**TASK DESCRIPTION:** In the entries below, find the line with "2019年3月22日下午4点" and the line with "鬼怒川の河川敷で、「シナダレ". Repeat exactly everything between them, those two lines included, but not the pictures.

----

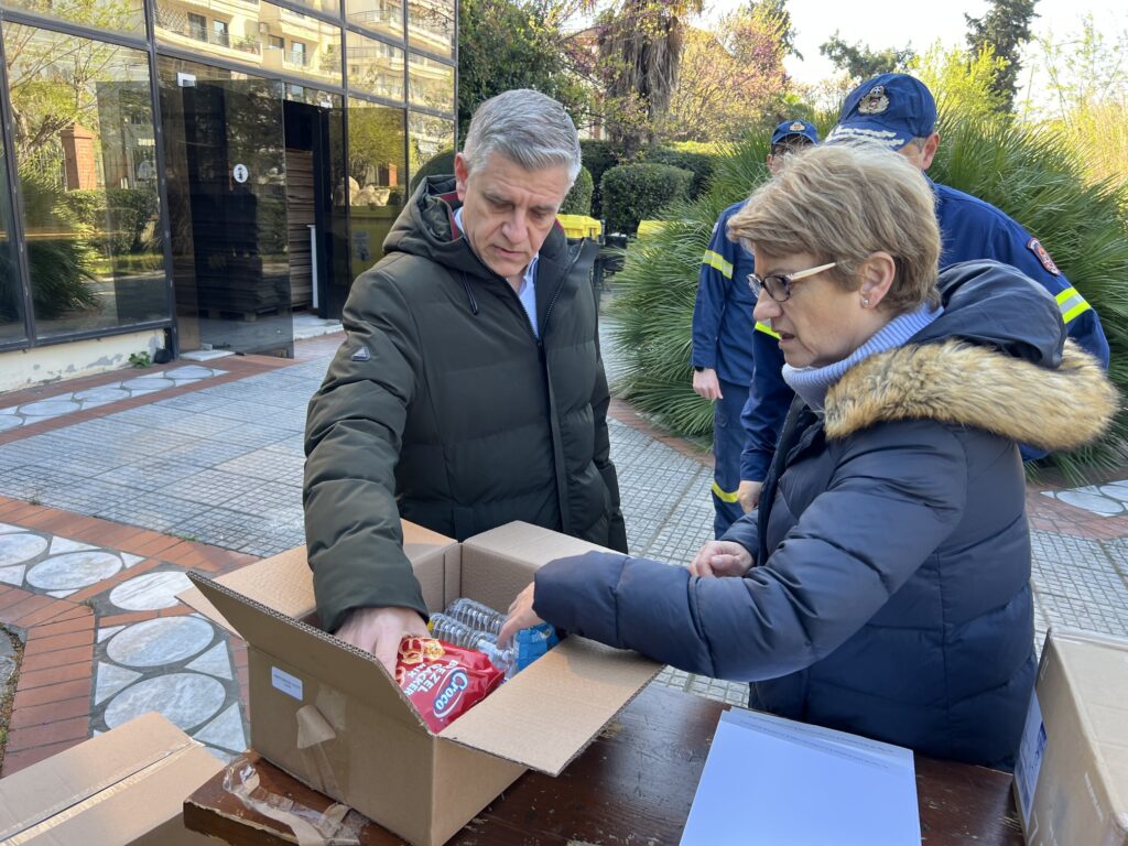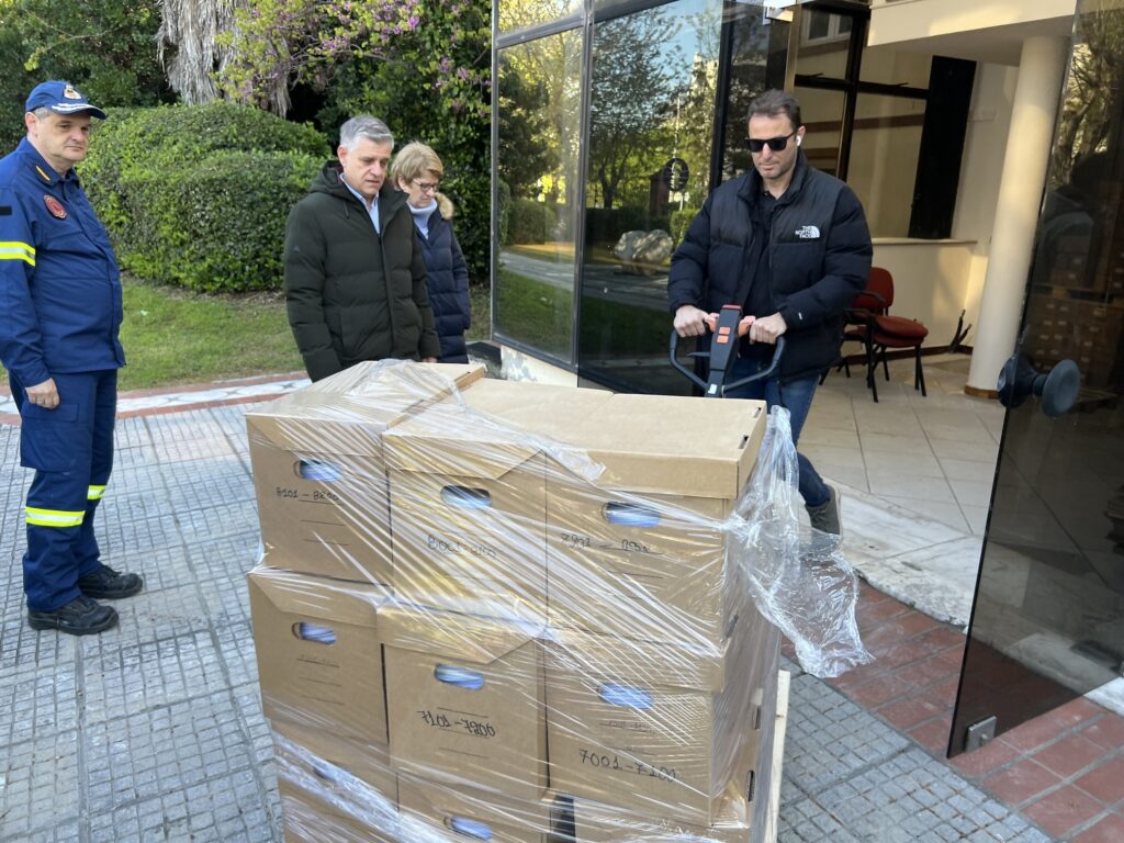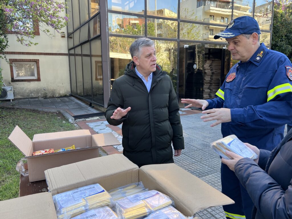 Υλικό και είδη που είναι απαραίτητα σε καταστάσεις έκτακτης ανάγκης για την υποστήριξη των πολιτών, καθώς και των γυναικών και των ανδρών του Πυροσβεστικού Σώματος που επιχειρούν υπό ακραίες συνθήκες για την αντιμετώπιση κρίσεων και φυσικών καταστροφών, παρέδωσε ο Αντιπεριφερειάρχης Θεσσαλονίκης, Κώστας Γιουτίκας, στην Πυροσβεστική Υπηρεσία Θεσσαλονίκης.
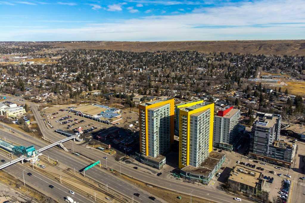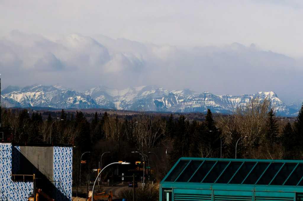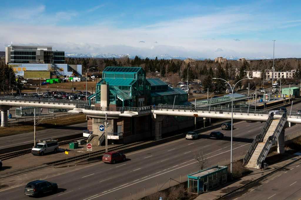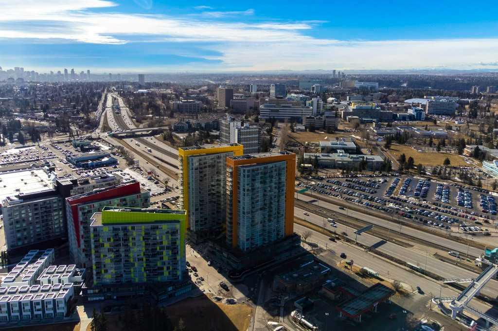 Don't miss a RARE OPPORTUNITY to own this bright and inviting CORNER UNIT - 2 bedroom, 1 bath with sunny south and west exposures! This well-designed home features laminate flooring, granite countertops, A/C and an open layout filled with natural light. Step onto your private deck to enjoy both city lights and Rocky Mountain views on Calgary's many blue-sky days. Both bedrooms feature large windows and the 4 piece bath between them has ample room for extra storage. You'll love the convenience of newer, stacked washer/dryer with smart features. This unit comes with 1 titled parking stall + storage locker located in a secure room keeping your gear safe from garage dust and debris. The building offers additional secure bike storage and ample underground bike racks. All utilities except electricity/internet are included in the affordable condo fee! Outdoor enthusiasts will love being so close to Nose Hill Park, one of Calgary’s best natural escapes. Whether you’re a student, healthcare professional, or downtown commuter, this is a premium location that supports a “lock-and-go” lifestyle. Move in, settle down, and start enjoying everything this vibrant 'University City' community has to offer!
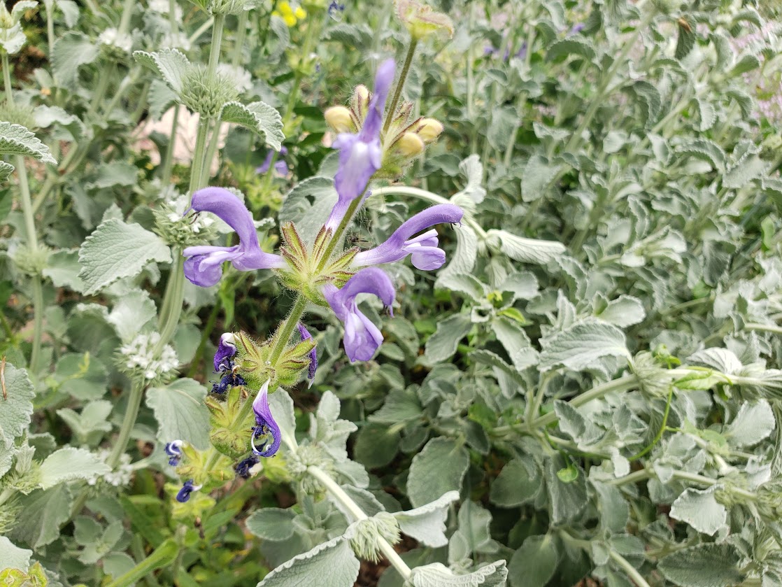 Salvia hypargeia, flowering in a sea of Marrubium incanum:
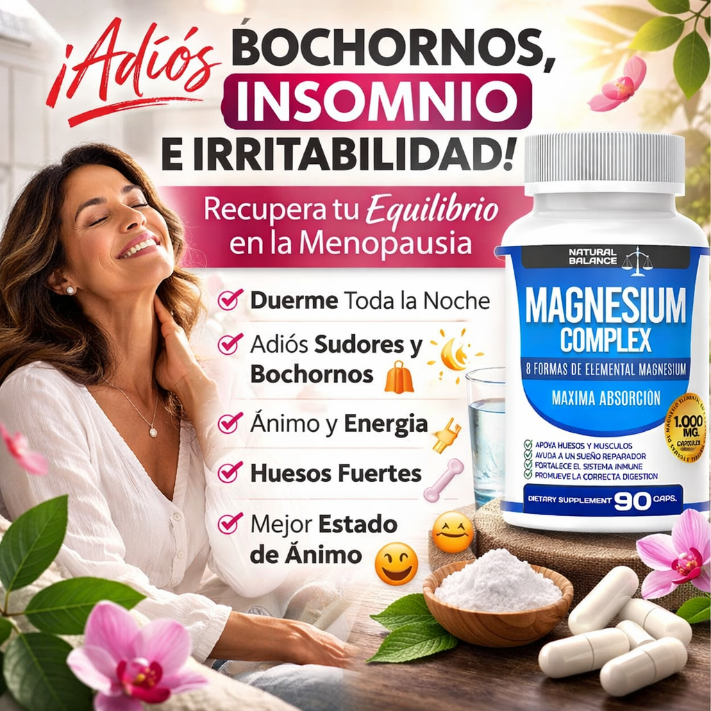 Su fórmula con 8 tipos de magnesio de alta absorción ayuda a reducir la fatiga, mejorar el ánimo y acompañar tu bienestar en la etapa de menopausia. 🌿
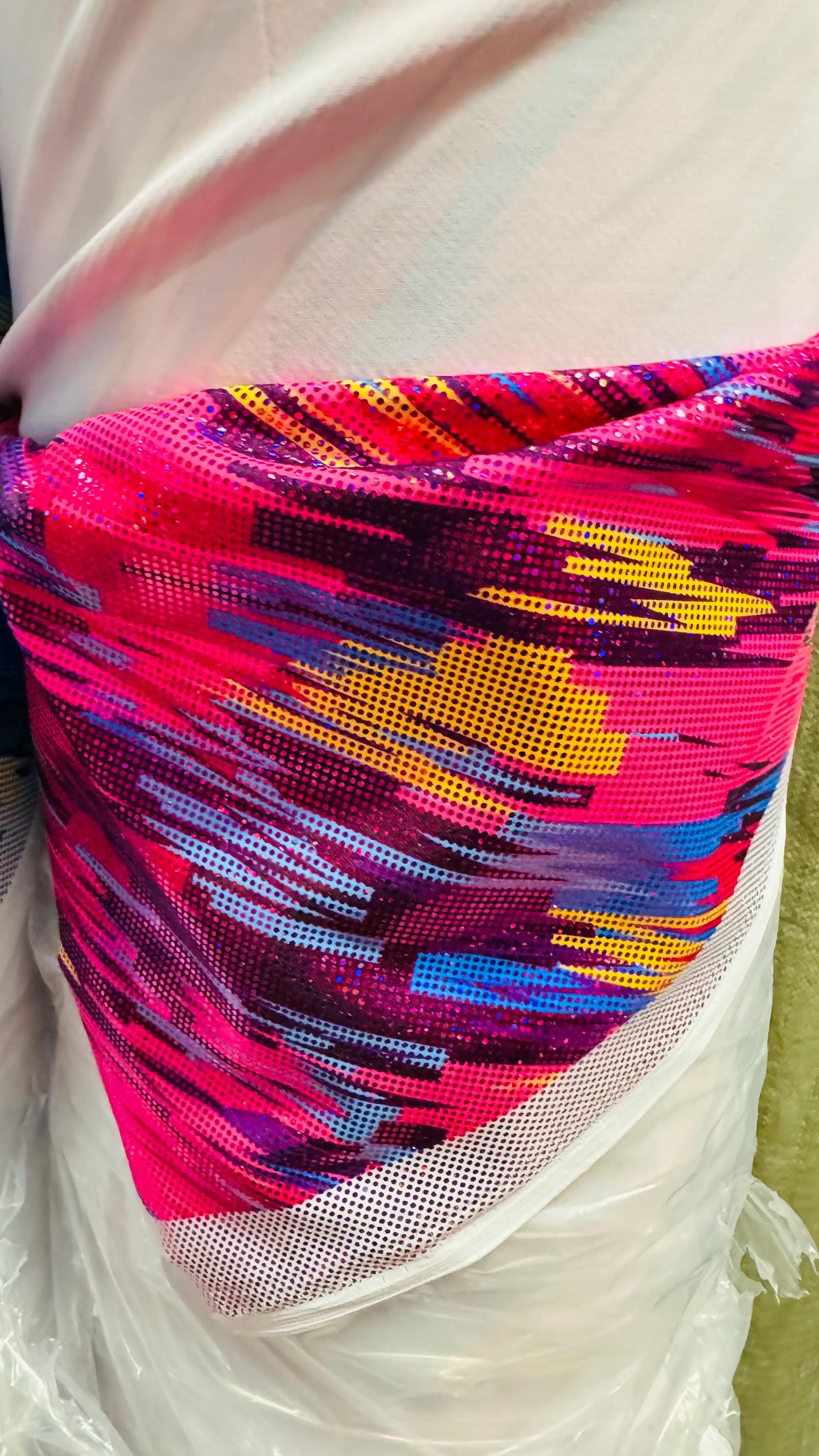 Graffiti Painting Abstract design hologram metallic nylon spandex 4way stretch 58/60" Sold by the YD. Ships worldwide from Los Angeles California USA. High quality fabrics by AlexLAFabrics
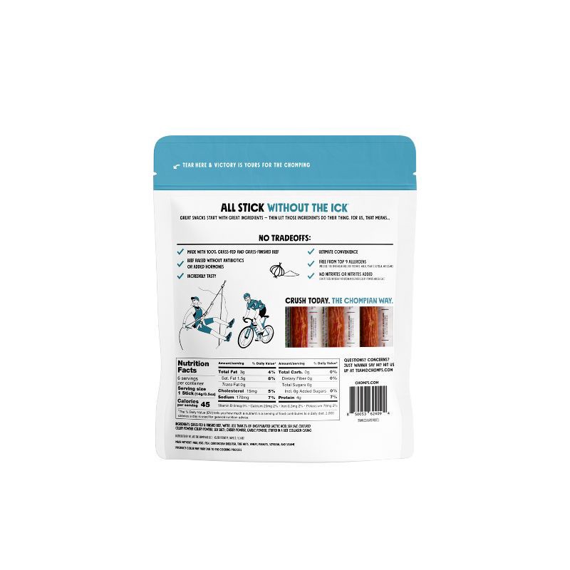 - QUALITY SNACKING - Each .5oz chompling snack stick has 4g of protein, zero sugar and is just 45 calories
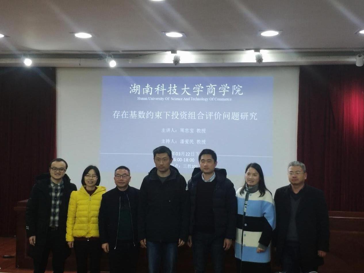 2019年3月22日下午4点,湖南大学“岳麓学者”特聘教授、工商管理公司副经理、博士生导师周忠宝教授公司讲学,他演讲的题目是“存在基数约束下投资组合评价问题”。报告在三教101学术报告厅举行,yl23455永利副经理叶文忠主持了报告会,副经理邓淇中及学院部分老师及全体研究生及参加了此次讲座。
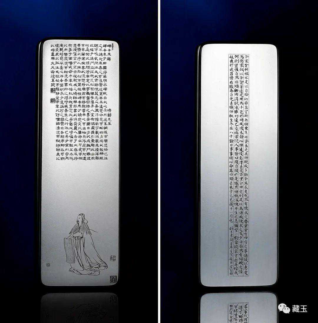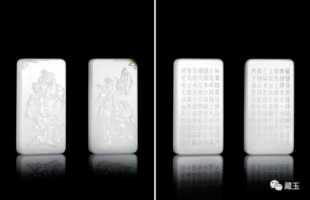 这是一件墨玉牌,块度挺大,重324g,比其他白玉牌要重两三倍,成交价36.8万。好工艺大大提升了这件玉牌的价值。
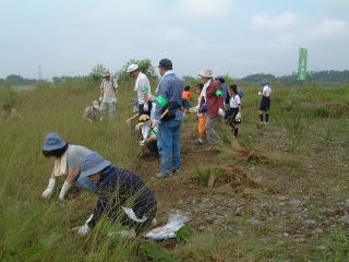 鬼怒川の河川敷で、「シナダレスズメガヤ」の駆除作業を行いました。参加者は、さくら市民、栃木第20団ガールスカウトのみなさん、国土交通省氏家出張所、リバーフロント、東京大学、「うじいえ 自然に親しむ会」メンバー等で合計80名が、さわやかな汗を流しました。除草されたミヤコグサ群生地には、さっそく<シルビアシジミのメス>が飛来し、参加者の多くは、はじめて見るシルビアシジミの突然の訪問に大感激でした。
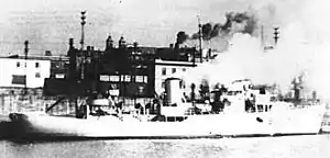 Flower-class corvettes like North Bay serving with the Royal Canadian Navy during the Second World War were different from earlier and more traditional sail-driven corvettes.[2][3][4] The "corvette" designation was created by the French as a class of small warships; the Royal Navy borrowed the term for a period but discontinued its use in 1877.[5] During the hurried preparations for war in the late 1930s, Winston Churchill reactivated the corvette class, needing a name for smaller ships used in an escort capacity, in this case based on a whaling ship design.[6] The generic name "flower" was used to designate the class of these ships, which – in the Royal Navy – were named after flowering plants.[7]
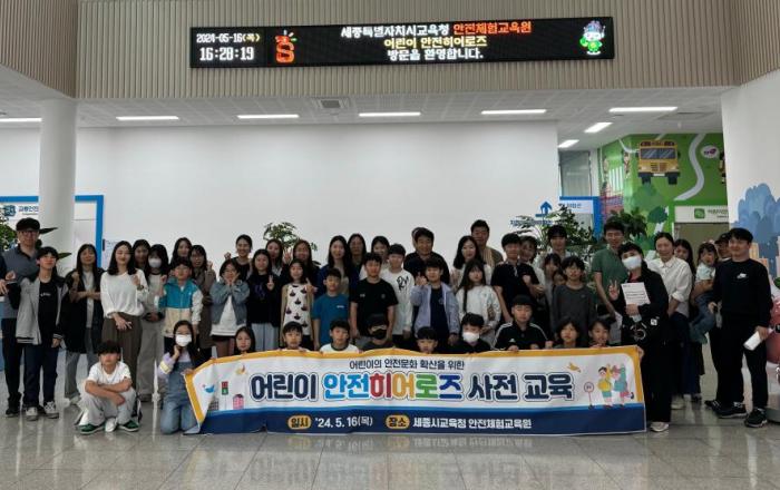 세종특별자치시가 지난 16일 안전체험교육원(조치원)에서 ‘어린이 안전히어로즈(Heros)’ 사전교육을 진행했다. ‘어린이 안전히어로즈’는 어린이들이 스스로 학교 주변의 위험 요소를 발굴·신고하는 범정부 사업이다. 세종시 어린이 안전히어로즈는 지난 4
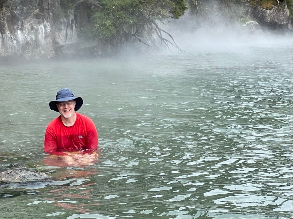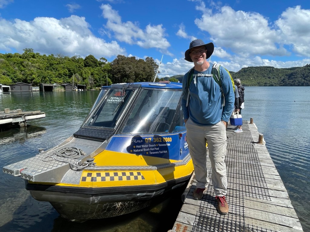 We arrived at the hot beach ready soak away any sore muscles. We had the place mostly to ourselves – only one other couple was there before us and one other arrived after. We all agreed that the experience was different from what we had imagined. The hot springs mix dynamically with the colder lake water so that you can feel hot and cold on different parts at the same time – and as the waves and eddy currents move around you, the mixture changes over time. We were cautious about swimming because the water in some areas is scalding hot, so we mostly waded in the shallows. With a little bit of work, Nick found a spot that was well heated and fairly consistent. Susannah discovered that the sand is hotter as your feet sink in deeper, so you can maintain a good wading foot temperature by shifting position slowly from time to time. We played in the water for about 45 minutes until the water taxi arrived to whisk us back to our car.
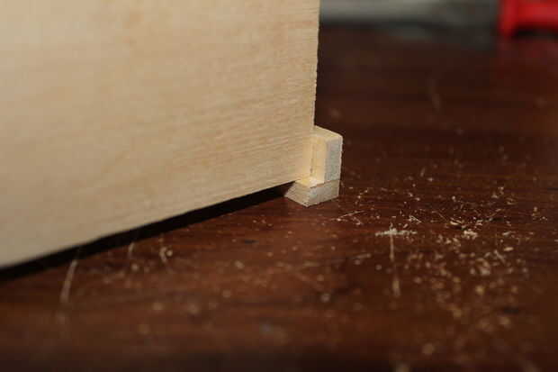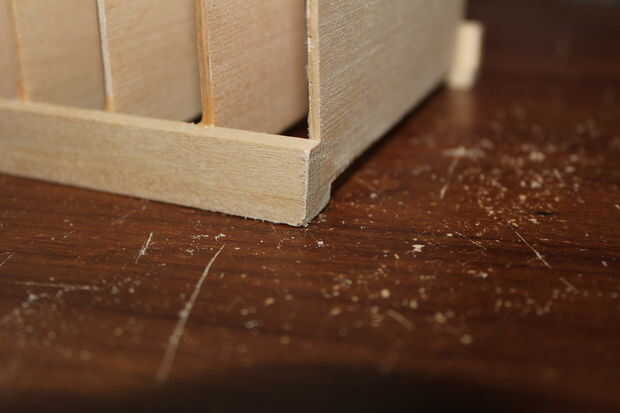 -Una vez que se pegan todas las piezas del estante en su lugar, mira a ver qué lado los soportes laterales están pegando más, corte el otro lado al ras con el estante superior con los dientes finos vio
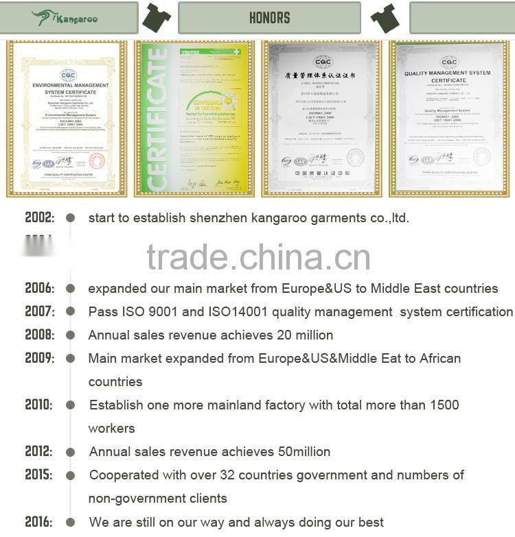 Shenzhen Kangaroo Garments Co., Ltd is a professional uniforms and equipments manufacturer for
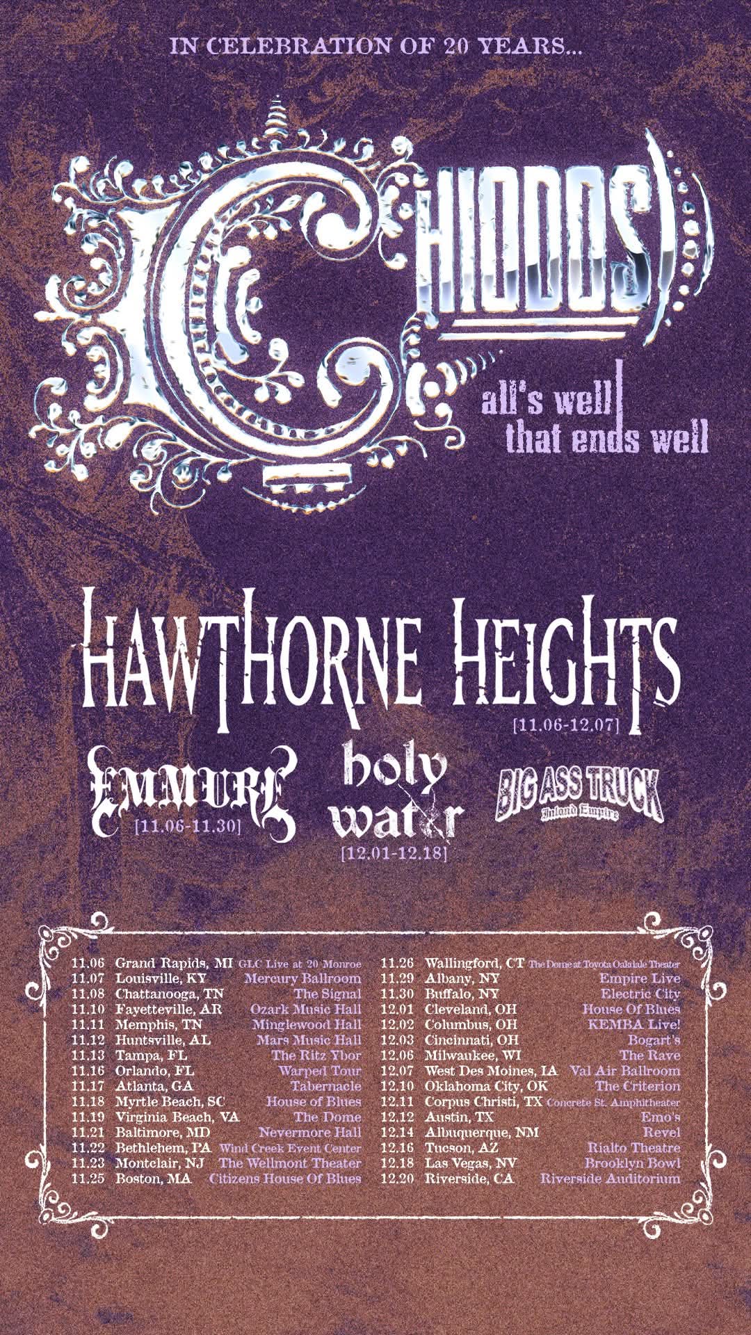 Chiodos have announced the second leg of their “All’s Well That Ends Well” 20th Anniversary tour. The trek will take place this fall and it will also feature Hawthorne Heights, Emmure, Holywatr, and Big Ass Truck IE on select dates.

----

**TASK ANSWER:**
 2019年3月22日下午4点,湖南大学“岳麓学者”特聘教授、工商管理公司副经理、博士生导师周忠宝教授公司讲学,他演讲的题目是“存在基数约束下投资组合评价问题”。报告在三教101学术报告厅举行,yl23455永利副经理叶文忠主持了报告会,副经理邓淇中及学院部分老师及全体研究生及参加了此次讲座。
 这是一件墨玉牌,块度挺大,重324g,比其他白玉牌要重两三倍,成交价36.8万。好工艺大大提升了这件玉牌的价值。
 鬼怒川の河川敷で、「シナダレスズメガヤ」の駆除作業を行いました。参加者は、さくら市民、栃木第20団ガールスカウトのみなさん、国土交通省氏家出張所、リバーフロント、東京大学、「うじいえ 自然に親しむ会」メンバー等で合計80名が、さわやかな汗を流しました。除草されたミヤコグサ群生地には、さっそく<シルビアシジミのメス>が飛来し、参加者の多くは、はじめて見るシルビアシジミの突然の訪問に大感激でした。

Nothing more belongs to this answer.